The Board will comprise seven Directors, two of whom shall be Executive Directors and five of whom shall be Non-Executive Directors, reflecting a blend of different experiences and backgrounds. The Board believes that the composition of the Board brings a desirable range of skills and experience in light of the Company’s challenges and opportunities, while at the same time ensuring that no individual (or a small group of individuals) can dominate the Board’s decision making. The Board intends to meet regularly to review, formulate and approve the Group’s strategy, budgets, corporate actions and oversee the Group’s progress towards its goals. The Company has established an audit committee and a remuneration committee with formally delegated duties and responsibilities and with written terms of reference. Each of these committees will meet regularly and at least two times a year.
The Audit Committee will have the primary responsibility of monitoring the quality of internal controls to ensure that the financial performance of the Group is properly measured and reported on. It will receive and review reports from the Group’s management and external auditors relating to the interim and annual accounts and the accounting and internal control systems in use throughout the Group. The Audit Committee will meet not less than three times in each financial year and will have unrestricted access to the Group’s external auditors. The members of the Audit Committee shall include only independent non-executive Directors. The Audit Committee comprises Lord Rose of Monewden and Christine Petersen and is chaired by Christine Petersen.

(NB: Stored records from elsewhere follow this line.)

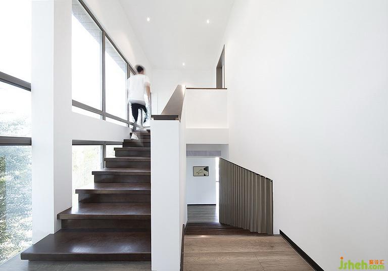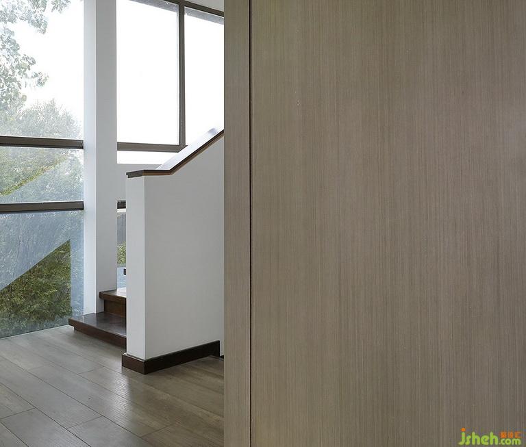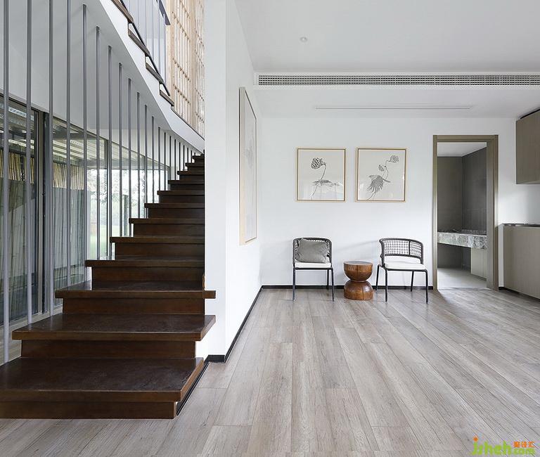 設計師圍繞這個理念在本案中的設計采用簡約的風格回予自然, 拋去紛繁, 以白色、原木色為主調(diào),外觀上采用大面積的落地窗和開放布局,打破空間界限, 意將大自然景色與室內(nèi)融為一體。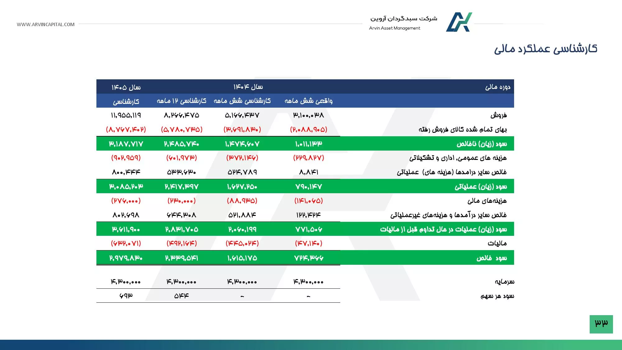 همچنين شركت به تازگي از محل سود انباشته افزايش سرمايه داده است. با توجه به مفروضات فوق و با توجه به افزايش قيمت هاي جهاني كاموديتي ها، براي سال مالي ١٤٠٣ و ١٤٠٤ به ترتيب سودهاي ١،١٩٤ و ١،٢١٢ محاسبه گرديده است.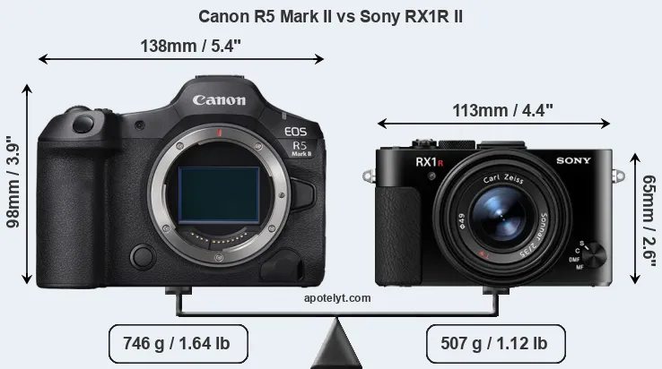 The side-by-side display below illustrates the physical size and weight of the Canon R5 Mark II and the Sony RX1R II. The two cameras are presented according to their relative size. Three consecutive views from the front, the top, and the rear side are shown. All width, height and depth measures are rounded to the nearest millimeter.

The Remuneration Committee will review the performance of the executive directors and make recommendations to the Board on matters relating to their remuneration and terms of service. The Remuneration Committee will also make recommendations to the Board on proposals for the granting of share options and other equity incentives pursuant to any employee share option scheme or equity incentive plans in operation from time to time. The Remuneration Committee will meet as and when necessary, but at least twice each year. In exercising this role, the Directors shall have regard to the recommendations put forward in the QCA Code and, where appropriate, the QCA Remuneration Committee Guide and associated guidance. The members of the Remuneration Committee shall include only independent non-executive Directors. The Remuneration Committee comprises Lord Rose of Monewden and Christine Petersen and is chaired by Christine Petersen.